Edit: If you give your dog animal bones make sure that they're raw. Cooked bones can splinter and cause gum and gastric issues.
 
late to the party, but we use taste of the wild and our guys love all the flavors. Fromm is high quality bust pretty spendy.

Have you tried talking to a local specialty dog/cat food store? Most here will let you return unused bags if the dog doesn't like it.

I also recommend checking out this site . its enlightening to see how food is rated.

Good luck my friend.
 
A friend of mines dog had some nasty allergies to dog food. So he started a raw chicken diet for his dogs. He gets broken down chicken spines from a local butcher once a month and freezes them. Then he'll feed them to each dogs daily. He also picks up the chicken gizzards and other organs and feeds them to the dogs. In the 10 years or so that he's been feeding his dogs this way. Not one has had any major health issues. BTW he gives them the raw bones and all.

Chris

Edit: If you give your dog animal bones make sure that they're raw. Cooked bones can splinter and cause gum and gastric issues.
Raw meat is very good for dogs and I feed mine raw chicken and pork quite often. There was a time when I'd feed them raw chicken wings, but not with the price they are now. My oldest dog has lost quite a few teeth so no bones for him.
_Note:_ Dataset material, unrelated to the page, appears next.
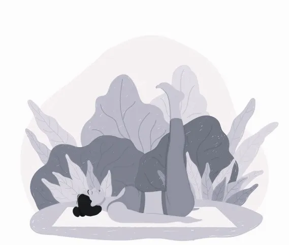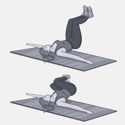 Следующее упражнение похоже на предыдущее, но оно статическое. Исходное положение: лежа на спине, руки в стороны на высоте плеч. Сначала согни правую ногу в колене, зацепись правой стопой за левую голень, затем опусти правое колено на пол с левой стороны, сохраняя “зацеп”. Плечи при этом остаются на полу. Задержись в таком положении 1 минуту, спокойно и ровно дыша, затем поменяй стороны.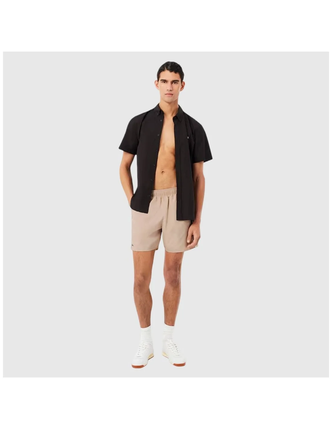 El bañador Lacoste para hombre combina funcionalidad y estilo en un diseño corto y ligero. Incorpora cintura elástica para un ajuste cómodo y paneles laterales contrastantes con ribete. El emblemático cocodrilo bordado añade un toque distintivo. Ideal para disfrutar de días de playa o piscina con un look moderno y práctico.

There's some interesting reading out there about what feeding dogs an almost exclusive diet of dry food has done to their stomach chemistry, specifically pH. A dog's stomach pH should be real acidic, but their mostly dry food diet these days has raised it to a neutral pH. A simple interweb search for "dog's stomach pH" returns a lot of info.

Definitely no cooked bones of any kind...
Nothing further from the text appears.